= Alfred Burt =

American jazz musician (1920-1954)

Alfred Shaddick Burt (April 22, 1920 – February 7, 1954) was an American jazz musician who is best known for composing the music for fifteen Christmas carols between 1942 and 1954. Only one of the carols was performed in public outside his immediate family circle during his lifetime.

==Early life==
Burt was born in Marquette, Michigan. His family moved to Pontiac, Michigan when he was two after his father, Bates G. Burt (1878–1948), became rector of All Saints Pontiac, an Episcopal church in Pontiac. At the age of 10, having shown an early interest in music, Alfred received his first musical instrument, a cornet, as a present from his parents. Though he would learn to play several other instruments, including the piano, Alfred spent most of his life playing cornet and trumpet in bands and orchestras, with a special interest in jazz.

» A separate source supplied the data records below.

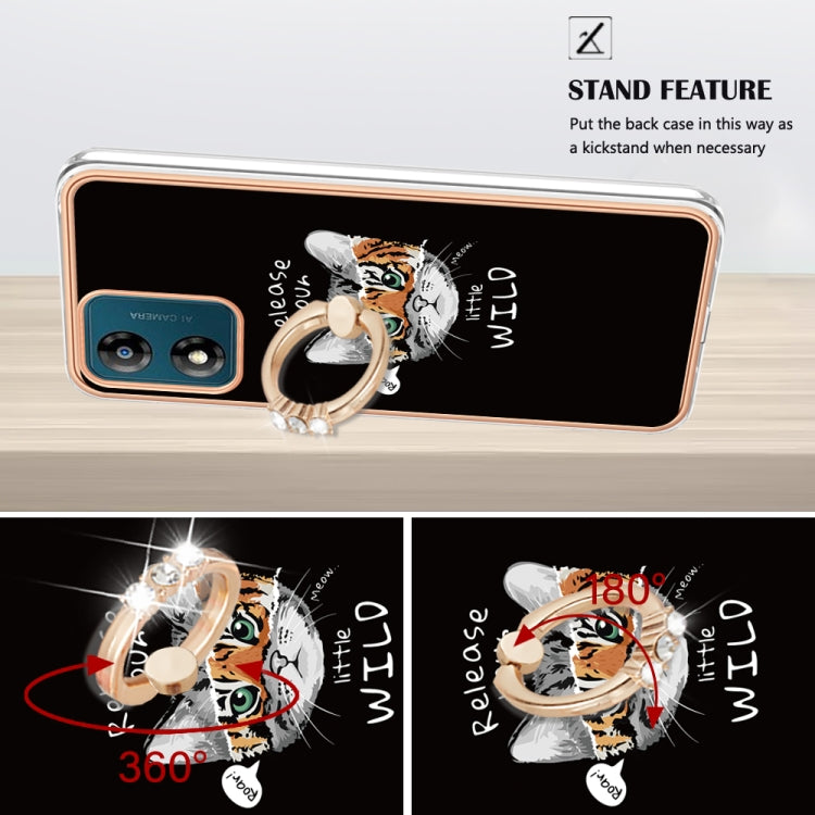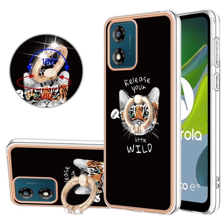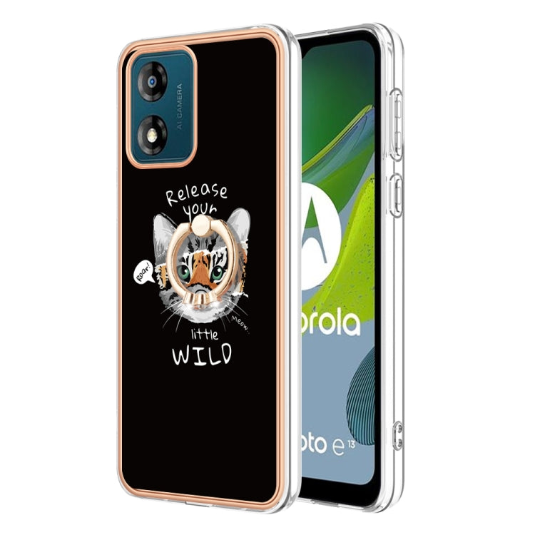 For Motorola Moto E13 Electroplating Double-sided IMD Phone Case with Ring Holder (Natural Growth)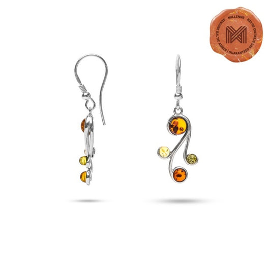 MILLENNE Multifaceted Baltic Amber Curvaceous Silver Dangle Earrings with 925 Sterling Silver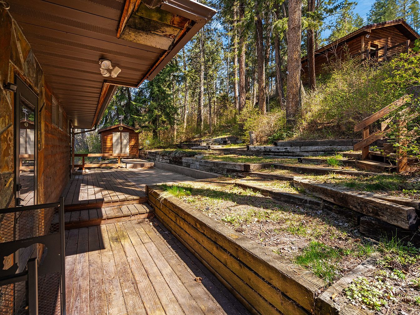 This outdoor space features a rustic wooden deck adjacent to the house, with warm, weathered tones of natural wood extending into terraced garden beds made from large wooden beams. The area gently slopes upward with stone steps embedded in the soil, integrating natural elements into the landscape design. A small detached wooden shed with a pitched roof sits at the back, complementing the cabin-like aesthetic. Tall pine and other trees surround the yard, offering forest ambiance and dappled sunlight that enhances the cozy, earthy charm of this tranquil backyard retreat.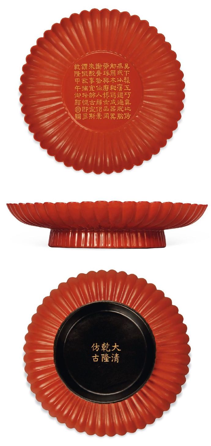 盘身菊瓣形,浅腹,圈足。通体仿朱漆釉,盘心微隆,金彩隶书乾隆御题诗: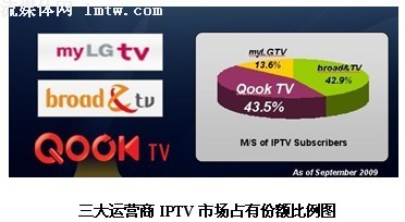 從今年一月份韓國IPTV正式開通至今,經(jīng)過九個月的發(fā)展,IPTV用戶人數(shù)已經(jīng)突破100萬,如果包括視頻點播的所有網(wǎng)絡電視用戶,合計用戶數(shù)量已為201萬。據(jù)預測,年底之前,韓國IPTV用戶將達到150萬戶,并有望在明年突破200萬。本文將以KT為例為業(yè)內(nèi)介紹IPTV在韓國的發(fā)展具體態(tài)勢。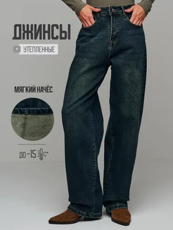 Джинсы утепленные широкие зимние с начесом

Burt studied music at the University of Michigan in Ann Arbor, with an emphasis on Music Theory. He graduated as an outstanding music theory student with a Bachelor of Music degree in 1942.

A tradition that the elder Burt had begun prior to moving to Pontiac in 1922, was the creation of a Christmas card, which he sent to family members and parishioners. On these cards were original Christmas carols, with both the words and music by the Reverend Burt. After Alfred graduated from college, his father asked him to take over as composer and write the music for the family Christmas card in 1942, "Christmas Cometh Caroling". From then on, Alfred would write the music for the family's Christmas cards.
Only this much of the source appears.